Riksbank or the Swedish central bank released a report in which it pitched for a ban on all types of PoW mining because of its energy-intensive nature. Bitcoin is mined by this mechanism and it is also considered the most decentralized way of mining.

The report titled “Cryptocurrencies and their impact on financial stability” noted that Bitcoin or any type of PoW mining in Sweden consumes an amount of energy that could power at least 200,000 households on an annual basis.
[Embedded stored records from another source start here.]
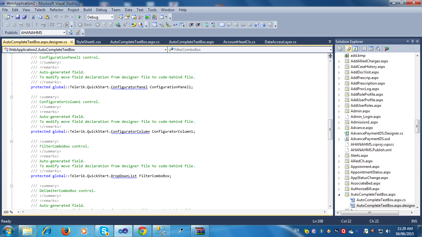 while using <telerik:RadAutoCompleteBox> i got error in designer page as Quickkstart reference was not fount and i downloaded Telerik Quick Start Dll file and added in the reference then i got another error following below
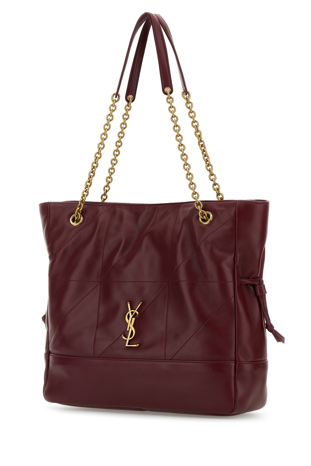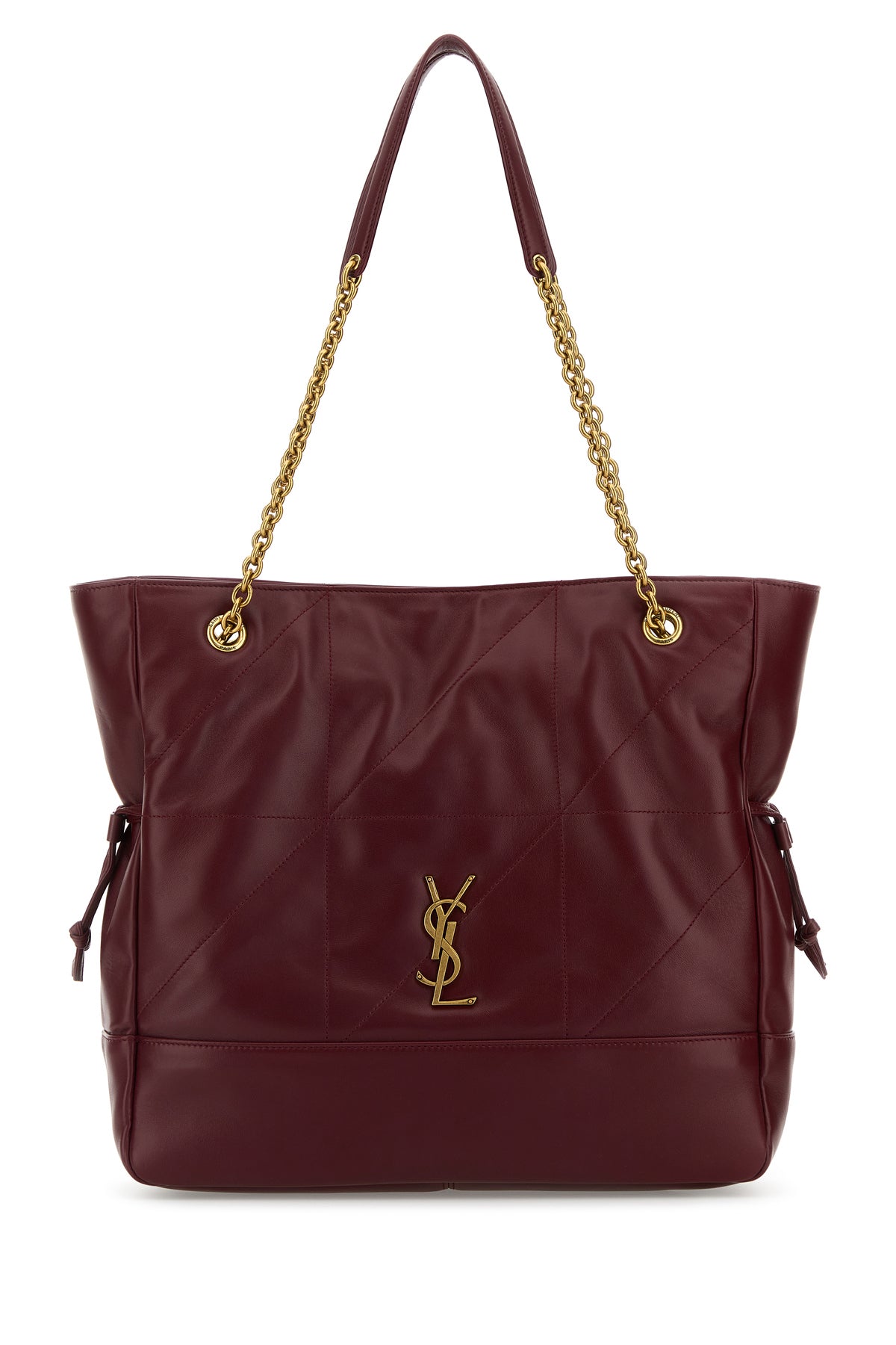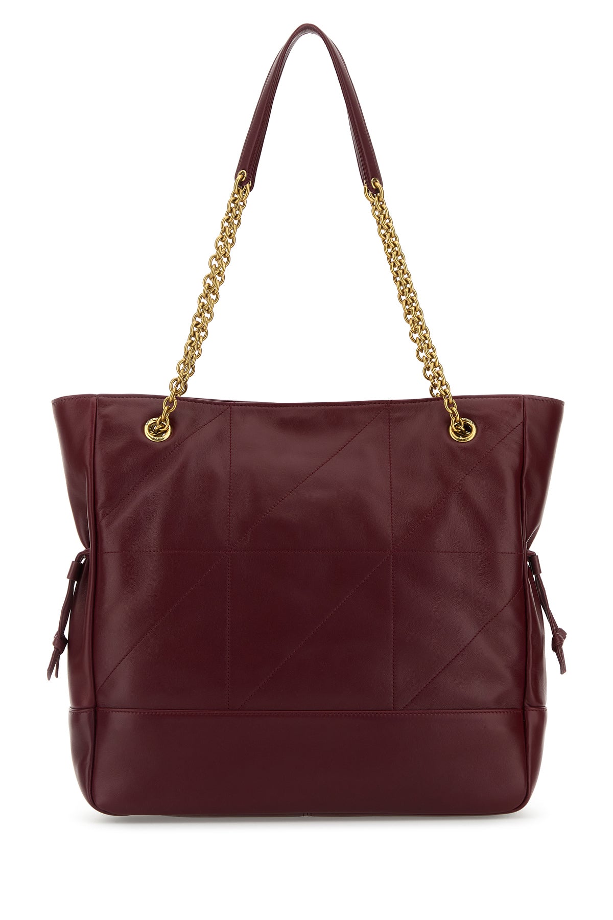 - Two metal chain handles with tonal leather shoulder pads
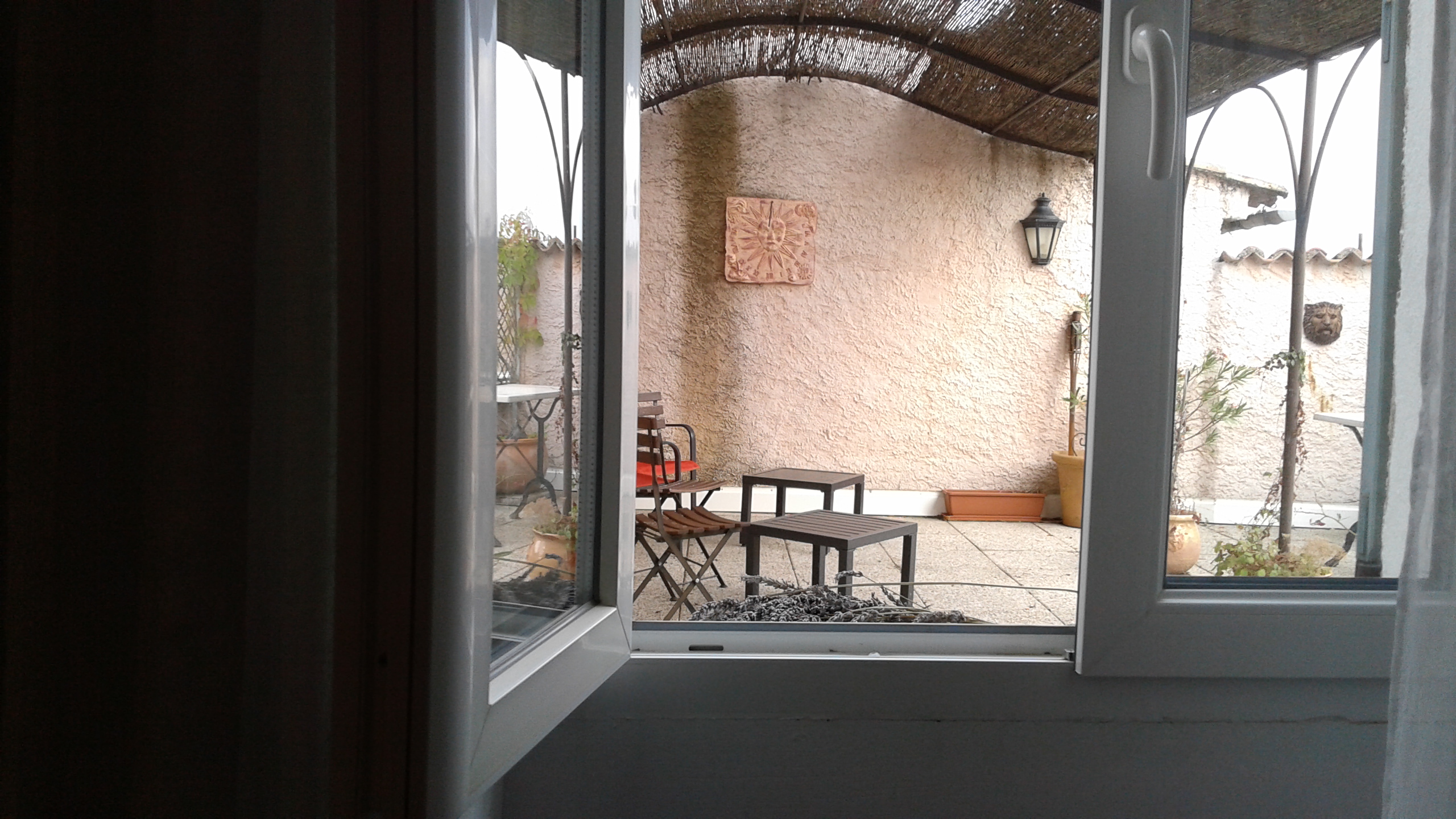 Terrasse commune avec une très belle vue. Chambre grande et propre.
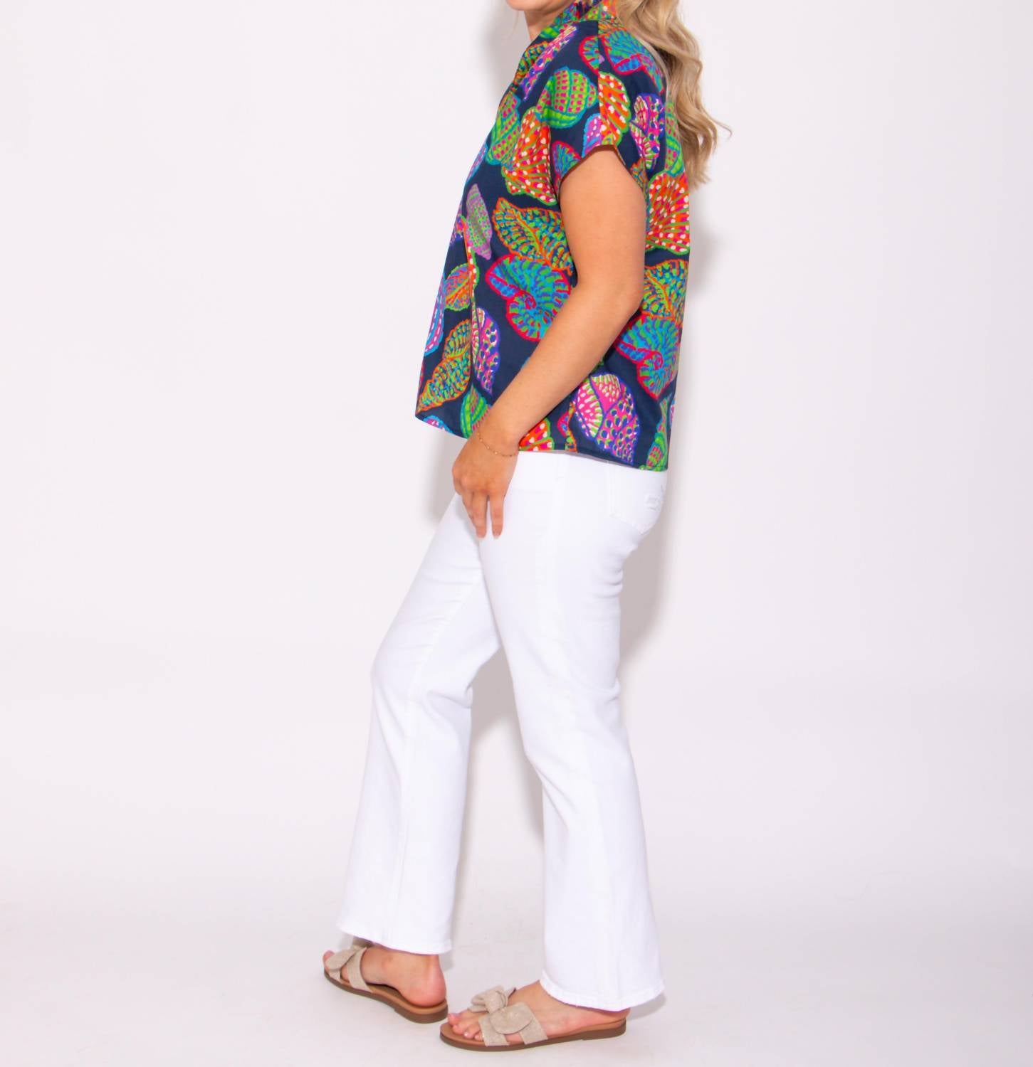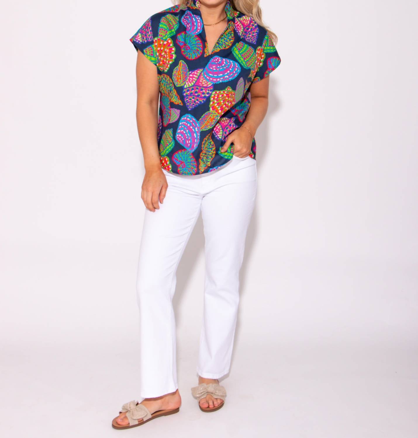 Pair this with your favorite jeans and slides for your next girls night out. Embrace seaside allure with the Women's Coastal Charm Split Ruffle High Neck Top by THML, bringing vibrant marine vibes to your style. This Navy blouse features short sleeves and a pull-on closure, capturing breezy elegance in its design. Ideal for spring, its playful animal pattern enhances the collar neckline for a boho chic look. Perfect for vacations or casual evenings, this piece offers a splash of coastal charm to elevate your wardrobe.
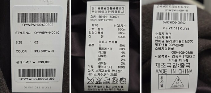 | 1. 제품 소재 (섬유의 조성 또는 혼용률을 백분율로 표시, 기능성인 경우 성적서 또는 허가서) | 겉감:모50%폴리에스터38%아크릴4%나일론4%면2%레이온2%,안감:폴리에 |
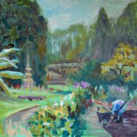 Artist Stephen Johnston, 'Gardening Blues', The Plantation Garden, Norwich, Oil, 16x20in, £350. Paint Out Gardens 2019
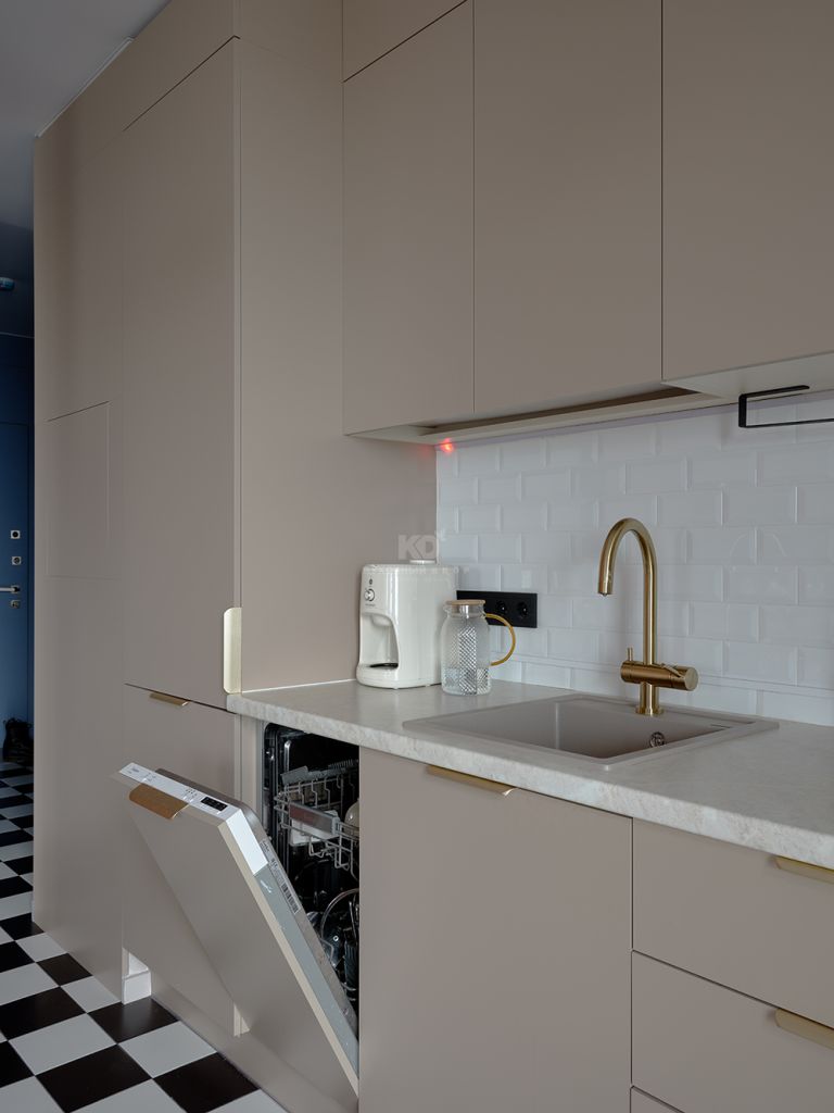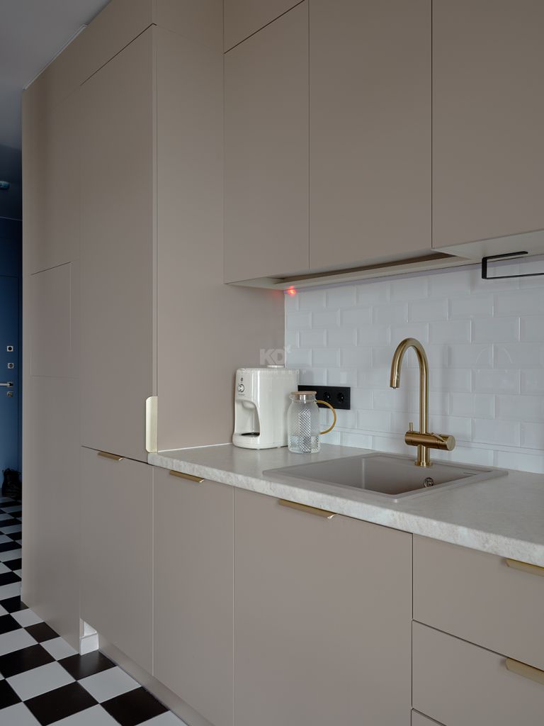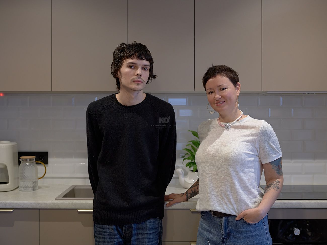 Большая рабочая поверхность идеально подходит для одного человека: готовить, сервировать и экспериментировать здесь комфортно и просто. Функциональность и практичность — ключевые запросы хозяйки — реализованы в каждой детали, от продуманной эргономики до лаконичных решений в наполнении. Отдельного внимания заслуживает нестандартный ход: по индивидуальным размерам Кристины мы изготовили панель в тон кухни, которая встроена в стену и полностью скрывает коммуникации. Ничего лишнего на виду — только чистая геометрия, порядок и эстетика, поддерживающие характер всей квартиры.
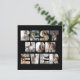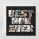 Modern and simple design featuring 11 square photographs of your choice, using the letters of BEST MOM EVER on a black background. A wonderful gift to give to your mum during her birthday, Christmas or Mother's day celebration with your name and message at the back.
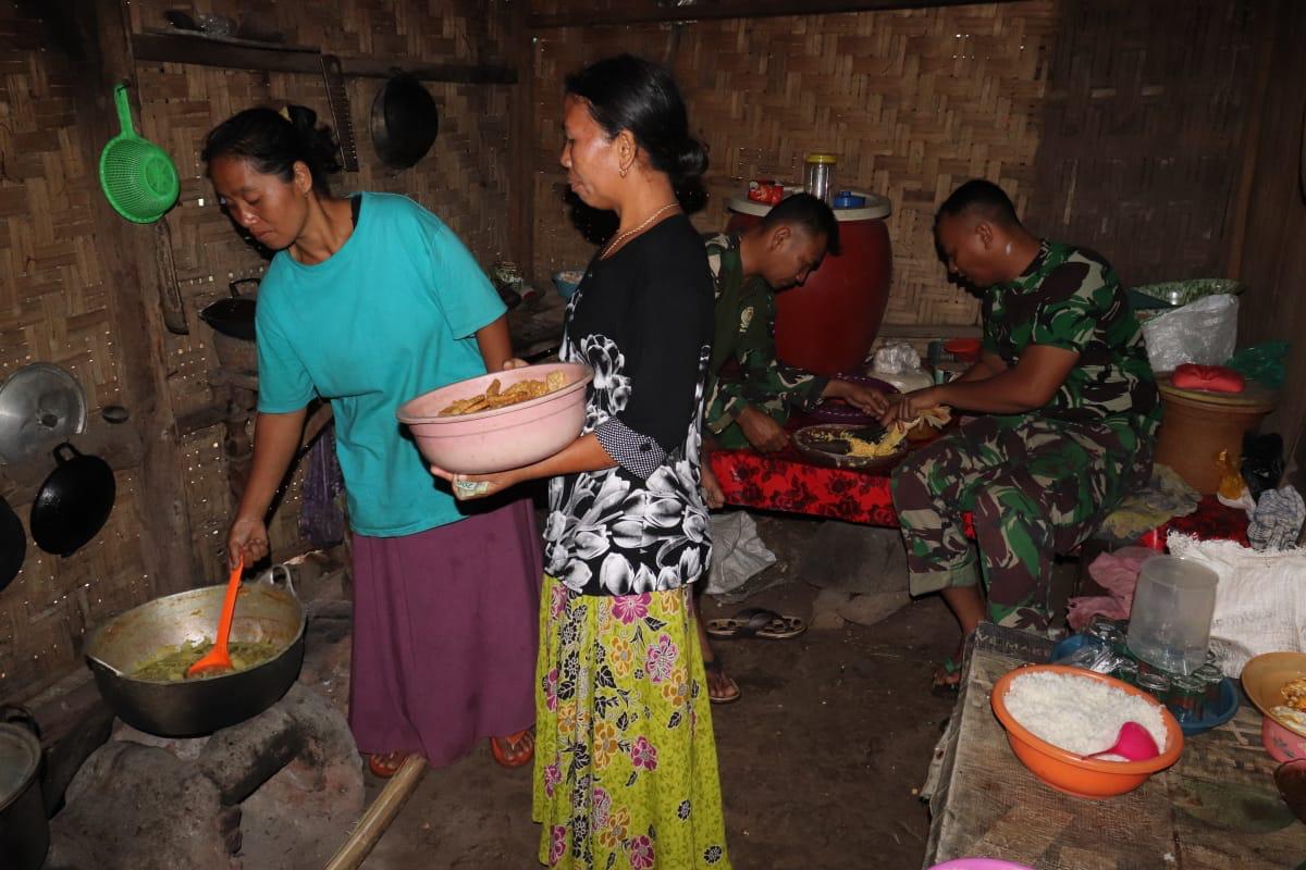 “Senang dan menyentuh sih, kami disambut baik, terlebih ibu-ini dengan rela menyiapkan makan untuk kami” ungka Pratu yulianto. (penrem 083/Bdj).
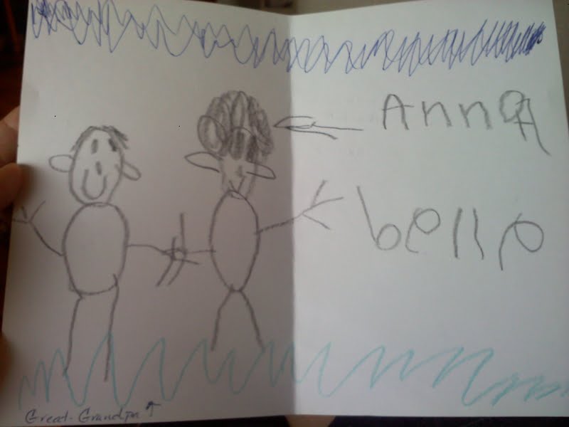 When my parents were going to visit my grandpa in the hospital one day they took my niece who is “4 but almost 5” up to visit as well. She had made a Get Well Card for him and on the inside she had drawn this picture:
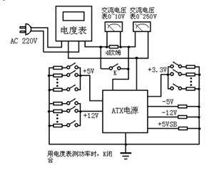 在电源采用一个或两个风扇,或者改变风扇的位置的情况下,改变电源散热片的面积, 测试电源在不同负载下电源功率和温度的关系,就可以找到增大电源功率的方法。因笔者的实验条件所限,准确测量电源负载的功率比较困难,而测量电源的输入功率较为方便和准确,电源的输入功率减去电源的损耗就是电源的输出功率,故本实验均以测量输入功率为准。笔者采用了两种方法,图1是两种测量方法的电路图,第一种方法采用电阻法,在电源的交流输入端串联一个大功率的4Ω标准电阻,测量电阻上的交流电压V2和市电的交流电压V1,就可以算出电源的输入功率VA: VA=V1×V2/4。视在功率VA再乘以功率因素才是有功功率W,在业余的条件下测试功率因素比较困难,加之实验时的负载都是纯电阻,功率因素接近于1,故近似地把视在功率作为有功功率看待。第二种方法:采用电度表进行测量,有功功率W=60000×n/K。式中n为电度表铝盘每分钟转数,K是电度表常数,为每千瓦小时转数,在电度表铭牌上可查到。此法的优点是比较准确,但测量时要测量每分钟的转数,比较繁琐。对比两种测试结果,其误差小于4%,符合测试要求。

The report was made jointly by the Swedish Financial Supervisory Authority, just like the SEC in the US.

“Recently, some extraction of crypto assets has been established in northern Sweden, where it consumes as much electricity as 200,000 households do on an annual basis.”

The report recommends that PoW mining be banned for the benefit of other less energy-intensive mining mechanisms.

“The proof-of-work method, which is used to confirm transactions and extract new cryptocurrencies, should be banned in favor of other, less energy-intensive methods.”

The report comes as little amazement, considering that banks and states routinely target PoW mining’s energy use. It likewise goes against Bitcoin adoption in Sweden. Home to various Bitcoin startups, Sweden is fairly ahead in terms of European Bitcoin adoption.

Swedish Bitcoiners like Svanholm and Christian Ander, the pioneer behind Swedish exchange BTX, rushed to disprove the report on Twitter. While Ander called the report “highly inappropriate” in one of his tweets, Svanholm suggested that the central bank does not understand the mining process.

“Bitcoin mining is guessing a number over and over again. […] As so many other Swedish institutions have done before them, they [the central bank] choose to comment on something that they don’t understand and have no business having even an opinion on.”

However, research from Cambridge Center for Alternative Finance expresses that Bitcoin consumes an expected of electricity every day. A Twitter user claimed that clothes driers in the U.S. consume more energy

Another report by Our World in Data showed that the worldwide sports industry consumes a large multiple of the total energy consumed by the entire Bitcoin network.